> **Data shown**:
--*--

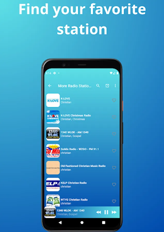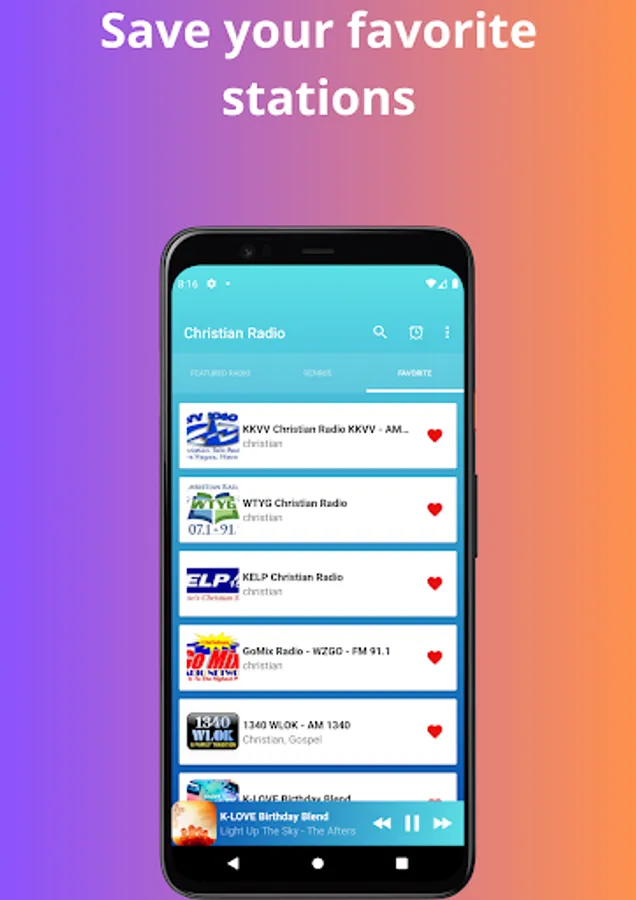 With the Church of Christ app you can enjoy a very good selection of radio station music from different religious station like K-LOVE Radio.
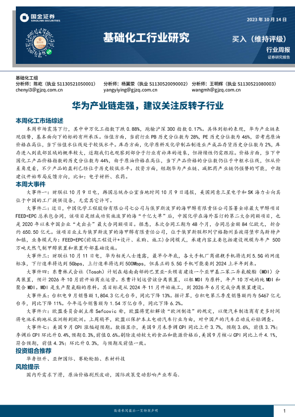 【国金证券】【20231014】基础化工行业研究:华为产业链走强,建议关注反转子行业-25页
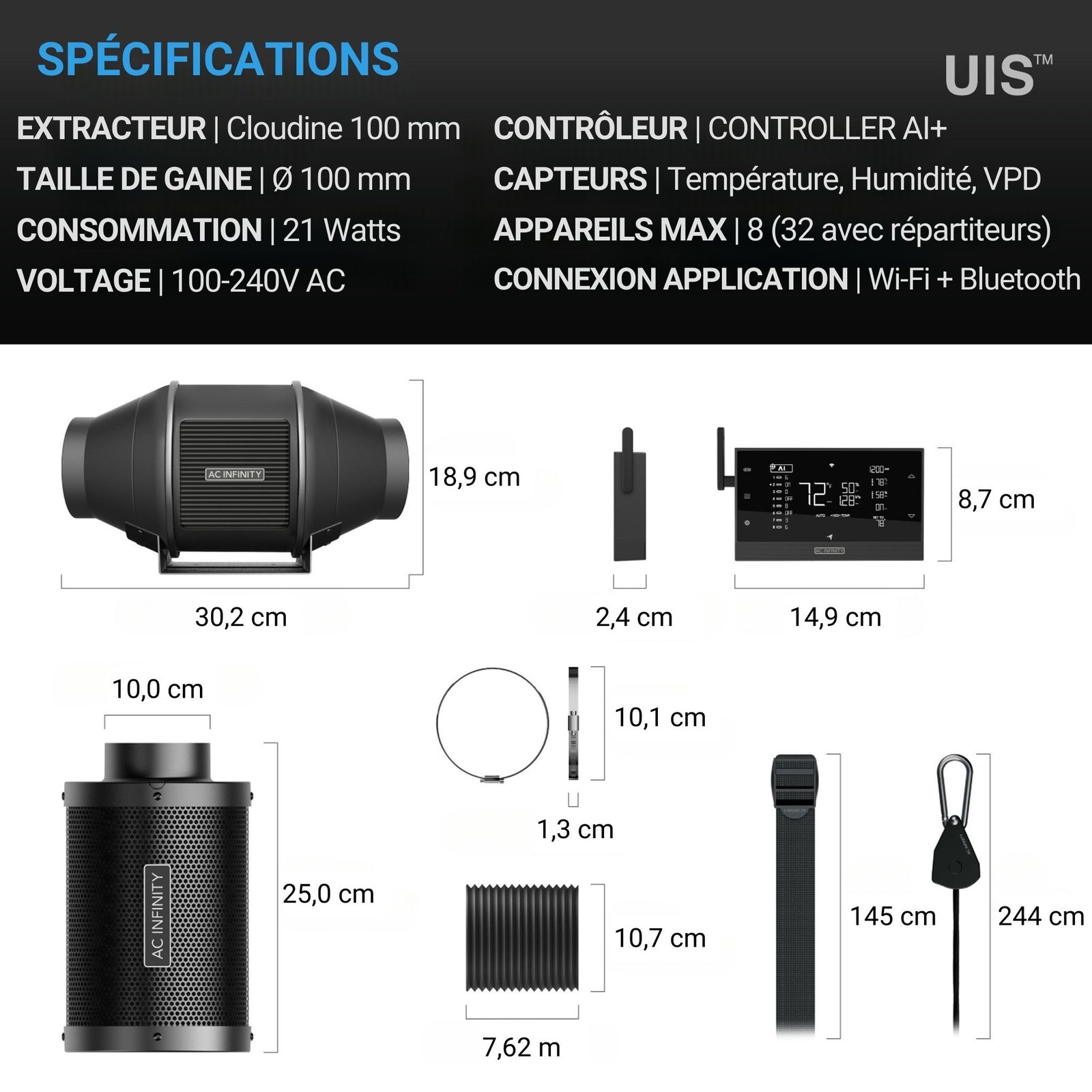 AC INFINITY Kit de filtration 100 mm, Extracteur d'air avec Controller AI+, Filtre à charbon & Gaine
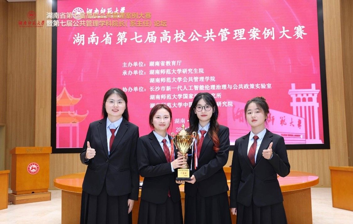 湖南师范大学公共管理学院2022级和2023级硕士研究生姜淑新、黄雁冰、周诗音、胡立敏四位同学组成的“四头八臂队”,从决赛上脱颖而出,荣获大赛一等奖;揭梦霜、陈紫琪、王文彬、李丽四位同学组成的“干就完了队”、陈荃、仪如、房小霜、段厚宇四位同学组成的“比完开派对”以及徐梦星、姚璐、陈思迷、何荣四位同学组成的“我说对就队”荣获大赛三等奖;刘茜老师荣获优秀指导教师奖;黄雁冰同学荣获最有价值队员奖;我校荣获优秀组织单位奖。

--*--

> **Brief**:
Your output should be only the lines from the line with "AC INFINITY Kit" through the end of the data, exactly as they stand, and no pictures.

> **Solved exercise**:
 AC INFINITY Kit de filtration 100 mm, Extracteur d'air avec Controller AI+, Filtre à charbon & Gaine
 湖南师范大学公共管理学院2022级和2023级硕士研究生姜淑新、黄雁冰、周诗音、胡立敏四位同学组成的“四头八臂队”,从决赛上脱颖而出,荣获大赛一等奖;揭梦霜、陈紫琪、王文彬、李丽四位同学组成的“干就完了队”、陈荃、仪如、房小霜、段厚宇四位同学组成的“比完开派对”以及徐梦星、姚璐、陈思迷、何荣四位同学组成的“我说对就队”荣获大赛三等奖;刘茜老师荣获优秀指导教师奖;黄雁冰同学荣获最有价值队员奖;我校荣获优秀组织单位奖。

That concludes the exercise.